Who manages your digital shelf? That’s a question that Derek Hahm, the former Craft Brew Alliance (CBA) executive who has been tasked with leading the newly formed E-Premise Group, estimated about 80% of suppliers can’t answer.
“When we show them how they look, they’re surprised, and they know they need to get it fixed,” said Hahm, who spent 11 years at CBA, last serving as chief commercial officer, a title he now holds with The E-Premise Group. “It’s not just hoping that it gets done and hoping that it pulls through. You can’t do that online.”
The E-Premise Group was formed by Ethan Stienstra and Dan Kiefer, the founders of Denver-based consulting firm Ahead of the Curve. Stienstra told Brewbound that after founding the agency in November 2020, they realized many of their clients “looked pretty terrible on the digital shelf.”
Stienstra estimated that it would take around 12 hours to update a Drizly shelf in the early days of the project. Now, he estimated it can be accomplished in about 10 hours.
“We’ve really built processes in to basically merchandise shelves based on that,” he said.
The E-Premise Group has zeroed in on working with beverage-alcohol players to update their digital shelf sets — including Odell, Avery, Sierra Nevada, and the CANarchy Craft Brewery Collective — via a subscription model that takes “all of the chaos off [suppliers’] plates” in an “affordable way, Stienstra said.
“It’s a ton of phone calls, it’s spreadsheet work, it’s not sexy work at all,” he added. “It doesn’t dictate that you have a person or a body dedicated to it. That’s where we come in.”
For producers, the opportunity is big, with $6.1 billion in online alcohol sales and 131% growth from 2019 to 2021. Beyond sales, online marketplaces such as Drizly, Gopuff and Instacart are where millennial and Generation Z consumers do the bulk of their shopping, Hahm added. With those two generations set to make up 54% of the population seven years from now, reaching them in the channels they shop is extremely important.

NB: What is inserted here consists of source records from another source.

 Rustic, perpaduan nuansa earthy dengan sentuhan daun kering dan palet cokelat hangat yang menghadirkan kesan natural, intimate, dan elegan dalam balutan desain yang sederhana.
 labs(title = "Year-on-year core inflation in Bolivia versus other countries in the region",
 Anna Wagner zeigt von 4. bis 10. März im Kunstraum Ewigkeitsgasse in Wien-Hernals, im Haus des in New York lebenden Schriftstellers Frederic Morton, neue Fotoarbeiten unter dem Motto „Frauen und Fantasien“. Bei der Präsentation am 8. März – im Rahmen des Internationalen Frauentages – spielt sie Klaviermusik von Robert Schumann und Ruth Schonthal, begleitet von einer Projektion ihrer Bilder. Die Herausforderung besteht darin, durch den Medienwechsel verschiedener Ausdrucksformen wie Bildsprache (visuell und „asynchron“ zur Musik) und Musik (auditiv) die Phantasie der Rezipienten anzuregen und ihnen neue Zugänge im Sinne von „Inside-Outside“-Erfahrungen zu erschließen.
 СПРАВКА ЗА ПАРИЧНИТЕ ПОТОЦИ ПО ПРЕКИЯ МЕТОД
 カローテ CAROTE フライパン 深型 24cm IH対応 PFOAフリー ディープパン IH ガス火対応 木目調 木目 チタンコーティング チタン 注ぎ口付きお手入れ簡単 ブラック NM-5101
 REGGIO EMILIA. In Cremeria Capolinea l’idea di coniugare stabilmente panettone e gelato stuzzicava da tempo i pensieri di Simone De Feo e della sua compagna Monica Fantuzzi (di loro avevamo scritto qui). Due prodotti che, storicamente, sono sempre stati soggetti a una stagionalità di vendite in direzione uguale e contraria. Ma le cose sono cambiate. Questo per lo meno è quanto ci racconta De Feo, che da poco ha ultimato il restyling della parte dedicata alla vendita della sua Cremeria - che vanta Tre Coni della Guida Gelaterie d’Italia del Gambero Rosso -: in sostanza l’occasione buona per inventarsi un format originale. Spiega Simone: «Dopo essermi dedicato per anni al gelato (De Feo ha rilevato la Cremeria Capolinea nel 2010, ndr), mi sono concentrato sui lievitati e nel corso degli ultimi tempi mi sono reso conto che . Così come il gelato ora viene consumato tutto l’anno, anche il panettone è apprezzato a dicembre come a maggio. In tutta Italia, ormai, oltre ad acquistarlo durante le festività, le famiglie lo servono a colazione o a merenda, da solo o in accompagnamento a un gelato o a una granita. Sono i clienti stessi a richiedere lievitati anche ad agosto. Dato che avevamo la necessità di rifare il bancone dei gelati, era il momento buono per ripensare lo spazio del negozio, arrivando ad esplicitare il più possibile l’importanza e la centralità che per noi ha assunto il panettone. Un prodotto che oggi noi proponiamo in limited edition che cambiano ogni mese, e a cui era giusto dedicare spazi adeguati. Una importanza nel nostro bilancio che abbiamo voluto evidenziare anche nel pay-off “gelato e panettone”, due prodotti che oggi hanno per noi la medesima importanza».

“Not only are they shopping online to either pick up or get delivery, they’re trying to get all their consumer research online,” Hahm said. “So you have to have your story, not just your images online, because that’s their preference, and that’s how they’re moving towards shopping.”

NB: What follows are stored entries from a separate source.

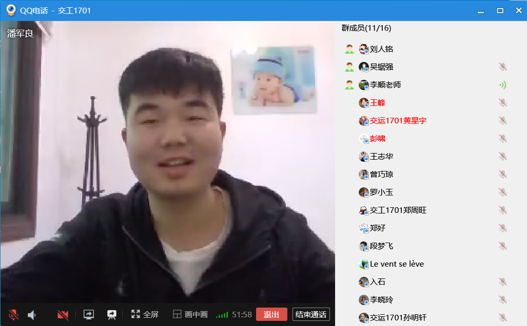 3月16日,交工1701班通过群视频举行了“同心战疫,规划学习”线上主题班会。通过这次学习,大家对疫情有了正确的心态,也对未来的学习有了一个清晰的规划。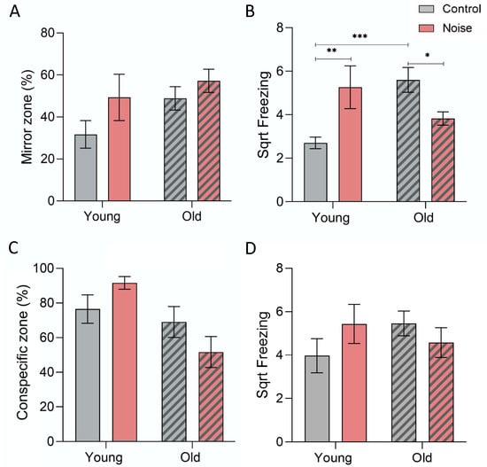 The interaction with the mirror also included freezing behaviour, which was significantly different among the groups (F(3.52) = 5.191, p = 0.003). Ageing alone induced an increase in the freezing time (p = 0.001) as well as the noise exposure (p = 0.010). In the aged individuals, however, the noise treatment caused the opposite trend with reduced freezing (p = 0.016)—Figure 3B. Hence, a significant interaction between age and acoustic treatment was identified for freezing (F(1.45) = 7.129, p = 0.011), contrary to the time spent closer to the mirror (F(1.45) = 0.429, p > 0.05).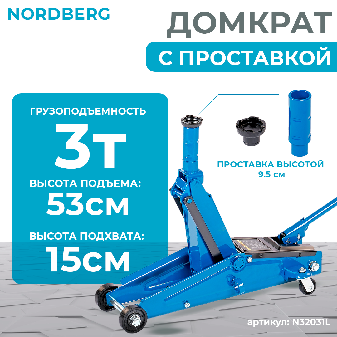 Nordberg N32031LОписание: Домкрат подкатной 3 тонн с проставкой NORDBERG N32031L Грузоподъемность: 3т Минимальный уровень подхвата: 150мм Максимальная высота подхвата: 530мм Подъём без нагрузки до максимальной высоты за одно нажатие В комплекте проставка для рамных автомобилей высотой 95мм Маневренные поворотные задние колеса 360º 53 523 тг.Avtoinstrument.kzДоставка: из АстаныПожаловатьсяКупить!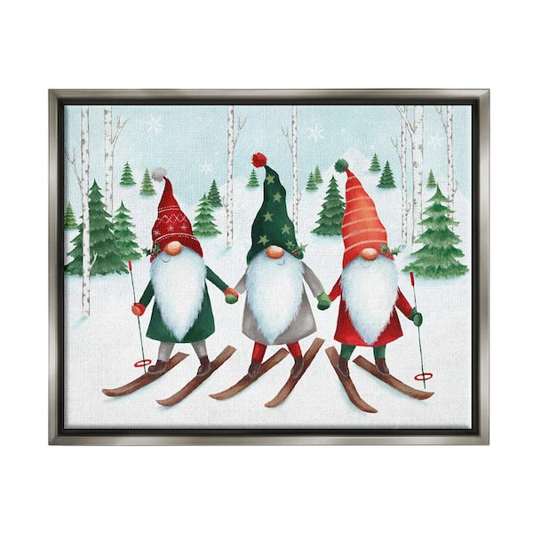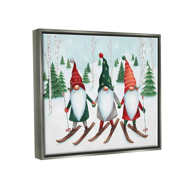 Gnome Trio Skiing by Emma Leach 1 Piece Floater Frame Graphic Print Sports Poster Art Print 31 in. x 25 in.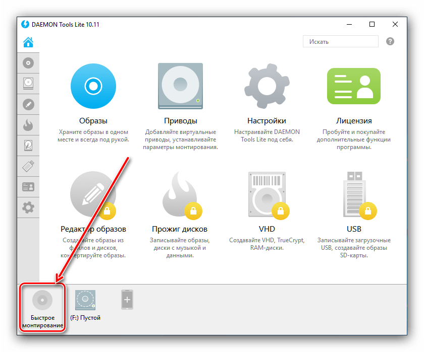 - Запустите программу, после чего нажмите на кнопку «Быстрое монтирование», которая расположена в нижнем левом углу интерфейса программы.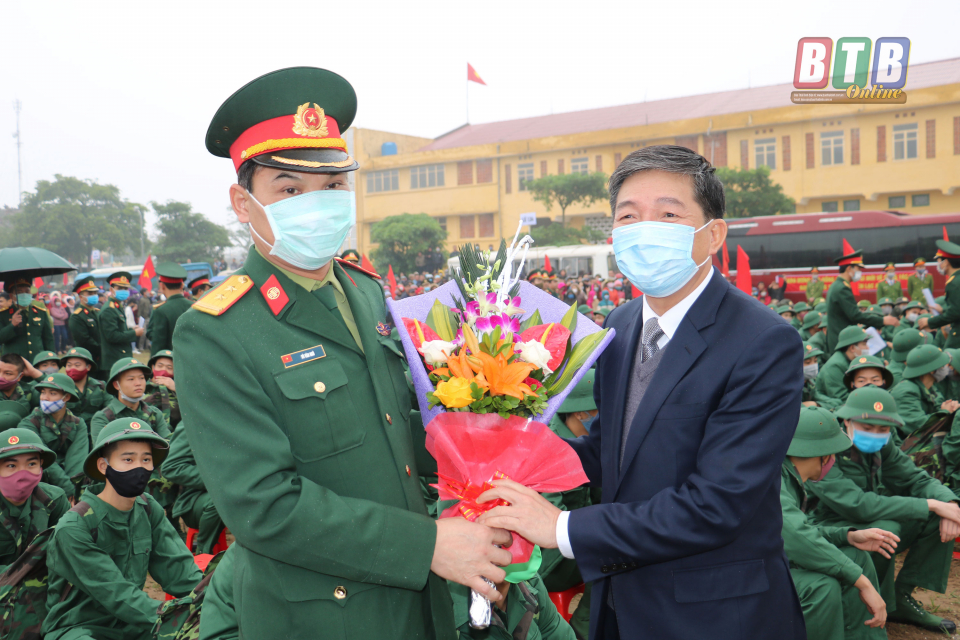 Tại buổi lễ, đồng chí Chủ nhiệm Ủy ban Kiểm tra Tỉnh ủy cùng lãnh đạo các cơ quan, đơn của tỉnh, Quân khu 3 và huyện Kiến Xương tặng hoa chúc mừng đơn vị nhận quân và động viên các tân binh lên đường nhập ngũ.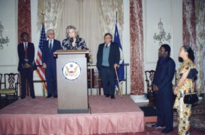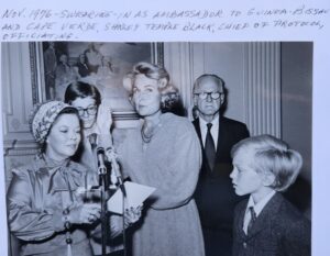 Melissa was sworn in as Ambassador in Washington in a ceremony attended by her family and authorities from the two countries. This would be her first of four swearing-ins, always at the State Department building and always with her family present. Shirley Temple Black, who used to be a famous actress when she was a child, was the official in charge of the swearing-in. Larry Eagleburger, the acting US Secretary of State, joked that, thanks to Melissa’s excellent swimming abilities, the government would save on travel between Cape Verde and Guinea-Bissau.

As consumers shop in more nontraditional ways, suppliers no longer need to have hundreds or millions of dollars of point-of-sale items that they hope their wholesaler will put up, Hahm said. While suppliers have relied on distributors and retailers to manage shelf sets, displays and point-of-sale materials, the responsibility falls on the supplier in online marketplaces, Stienstra added.
For example, Stienstra pointed to a smaller client based in the northeast who did 16,000 orders through Drizly even though their digital shelf was just the silhouette of a bottle when the supplier only sells canned products.
“You could just guess how many missed orders they lost out on by just having a silhouette bottle when they only sell cans,” he said.
Rom van der Zee, a digital strategist for The E-Premise Group, noted that a consumer’s first interaction with a brand could be online. He stressed the importance of having images that correspond with the right product. So if you’re selling a 6-pack of cans, the image shouldn’t be a 6-pack of bottles.
“That’s what we’re trying to do, making sure the images are great, they’re crisp and the marketing copy is matching the images,” he said. “So when this consumer has this first interaction online, they will recognize this brand at a bricks-and-mortar store as well.”
Digital shelves also help drive brick-and-mortar sales, as van der Zee noted that many consumers window shop online before going to a store to make a purchase.
Stienstra estimated that it could take 50 hours for smaller companies to clean up their digital profile and up to 500 hours annually for larger companies.
“It’s a long and arduous path to making yourself look good on shelf,” Stienstra said.